Ahituv and his post-doc at the time, Hai Nguyen, PhD, were aware of studies that showed exposure to cold could suppress cancer in mice.
Scientists concluded that the cancer cells were starving because the cold was activating brown fat cells, which use nutrients to produce heat. However, cold therapy isn’t a viable option for cancer patients with fragile health.
So, Ahituv and Nguyen turned to the idea of using beige fat, which they could engineer to burn enough calories, even in the absence of cold, to deprive tumors of the fuel they needed to grow.
Nguyen, who is the first author of the paper, used CRISPR to activate genes that are dormant in white fat cells but are active in brown fat cells, in the hopes of finding the ones that would transform the white fat cells into the hungriest of beige fat cells.
A gene called UCP1 stood out. Nguyen grew UCP1 beige fat cells and cancer cells in a “trans-well” petri dish. The cancer cells were on the bottom and the fat cells were above them in separate compartments that kept the cells apart but forced them to share nutrients.
“In our very first trans-well experiment, very few cancer cells survived. We thought we had messed something up—we were sure it was a mistake,” Ahituv recalled. “So, we repeated it multiple times, and we kept seeing the same effect.”

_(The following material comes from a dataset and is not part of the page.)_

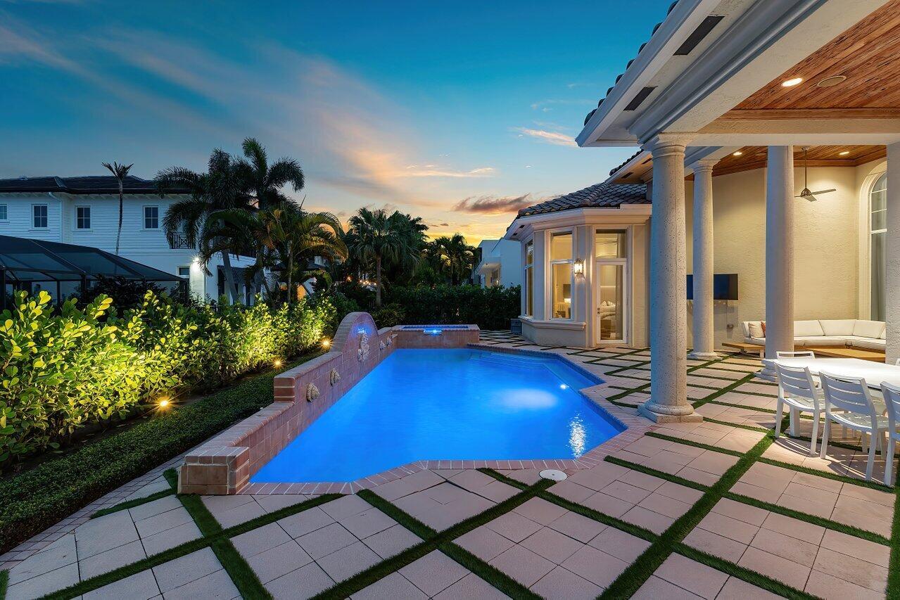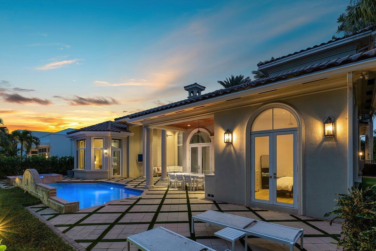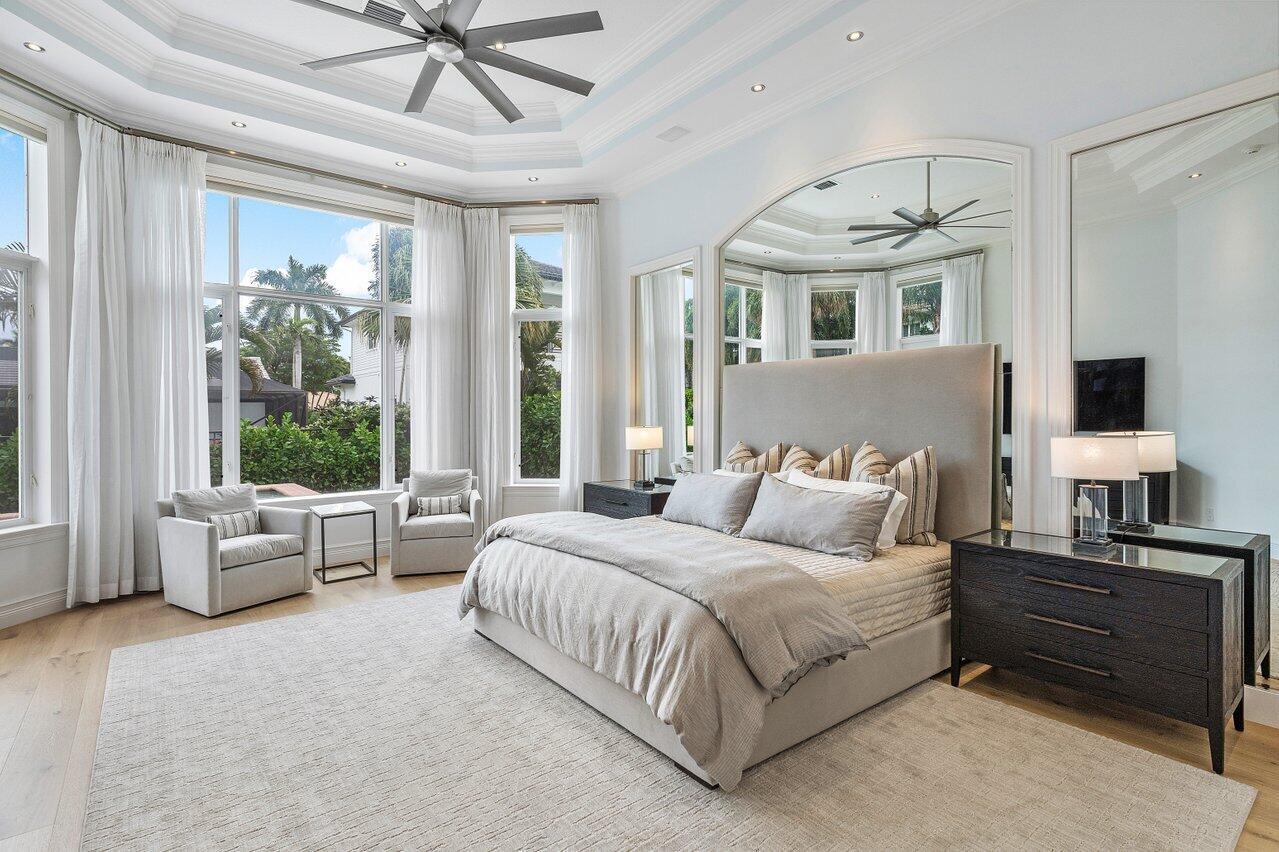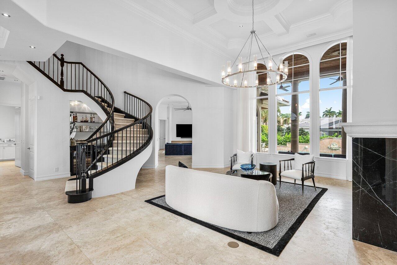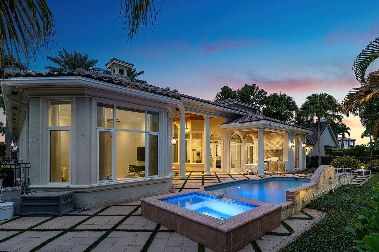 2124 W Maya Palm is a beautiful transitional home in Royal Palm Yacht and Country Club. This house has been tastefully remodeled with attention to quality and detail. From the moment you walk in, you will be flooded with natural light. The formal living room is inviting with a marble fireplace and overlooking the tropical backyard. Beautifully finished and a well thought out floor plan with the master bedroom on the first floor featuring brand new wood floors, his and her built out closets, and a completely remodeled master bathroom with his and her marble vanities, his and her water closets, a soaking tub, and electric shades. Downstairs also has a home office with new wood floors and built ins, elegant powder room, and a guest bedroom with new wood floors,

The beige fat cells held sway over two different types of breast cancer cells, as well as colon, pancreatic, and prostate cancer cells.

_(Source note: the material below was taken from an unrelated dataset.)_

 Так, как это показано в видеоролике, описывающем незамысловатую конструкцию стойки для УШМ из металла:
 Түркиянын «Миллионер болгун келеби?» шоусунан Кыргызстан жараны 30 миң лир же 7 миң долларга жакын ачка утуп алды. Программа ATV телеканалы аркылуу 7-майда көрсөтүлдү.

The researchers were still uncertain if the implanted beige fat cells would work in a more realistic context. So, they turned to fat organoids, which are coherent clumps of cells grown in a dish, to see if they could beat tumor cells when they were implanted next to tumors in mice.
The approach worked against breast cancer, as well as pancreatic and prostate cancer cells. The cancer cells starved as the fat cells consumed all the available nutrients.

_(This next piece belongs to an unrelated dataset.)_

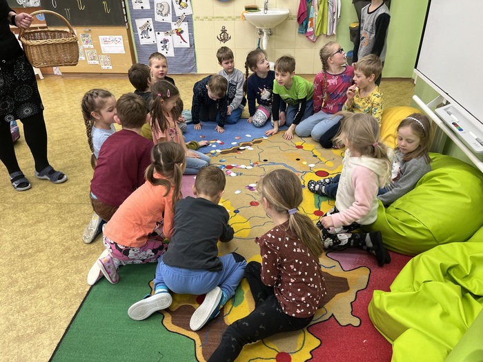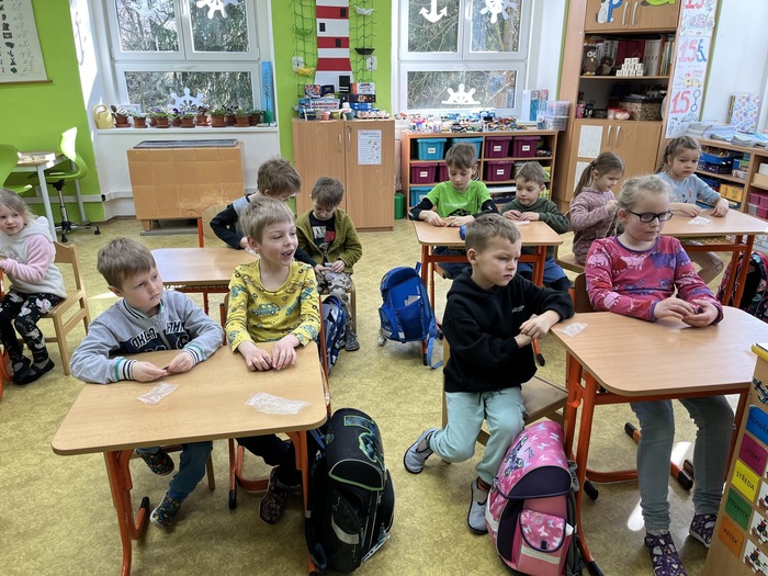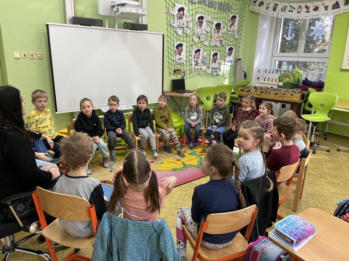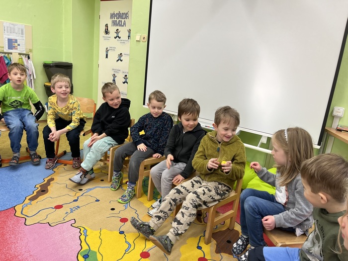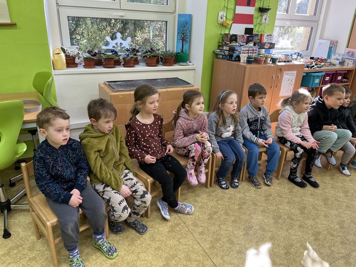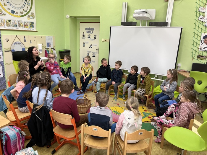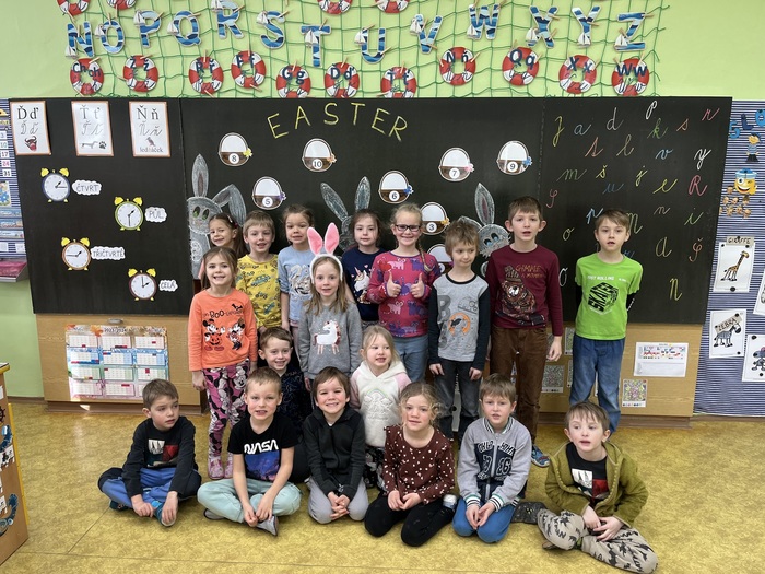 Tentokrát se předškolní děti byly podívat na hodině angličtiny, kde se hravou formou seznamovaly s anglickými slovíčky na téma Velikonoc. Opět spolupracovaly společně s prvňáky. Paní učitelka měla pro děti připravené poutavé aktivity. Zahrály si hru "Easter Bunny" a všichni společně si hodinu plnou zábavy užily.

The implanted beige fat cells even suppressed pancreatic and breast tumors in mice that were genetically predisposed to develop cancer. It even worked when the beige fat cells were implanted far away from the breast cancer cells.
To see how they would work in human tissue, Ahituv and Nguyen teamed up with Jennifer Rosenbluth, MD, PhD, a breast cancer specialist at UCSF. Rosenbluth had amassed a library of breast cancer mastectomies containing both fat cells and cancer cells.
“Because the breast has a lot of fat, we could get fat from the same patient, modify the fat, and grow it in a single trans-well experiment with that patient’s own breast cancer cells,” Ahituv said.
These same-patient beige fat cells outcompeted breast cancer cells in petri dishes—and when they were implanted together in mouse models.
Knowing that cancers have preferred diets, the researchers engineered fat just to eat certain nutrients. Certain forms of pancreatic cancer, for example, rely on uridine when glucose is scarce. They programmed the fat to eat just uridine, and they outcompeted these pancreatic cancer cells. This suggests that fat could be adapted to any cancer’s dietary preferences.
Fat cells have many advantages when it comes to living cell therapies, according to Ahituv.
“With fat cells, there’s less interaction with the environment, so there’s very little worry of the cells leaking out into the body, where they might cause problems,” Ahituv said.
Fat cells can also be programmed to emit signals or carry out more complicated tasks. Their ability to defeat cancer even when they are not right next to tumors could prove invaluable for treating hard-to-reach cancers like glioblastoma.
“We think these cells could also be designed to sense glucose in the bloodstream and release insulin, for diabetes, or suck up iron in diseases where there’s excessive iron, like hemochromatosis,” Ahituv concluded. “The sky’s the limit for these fat cells.”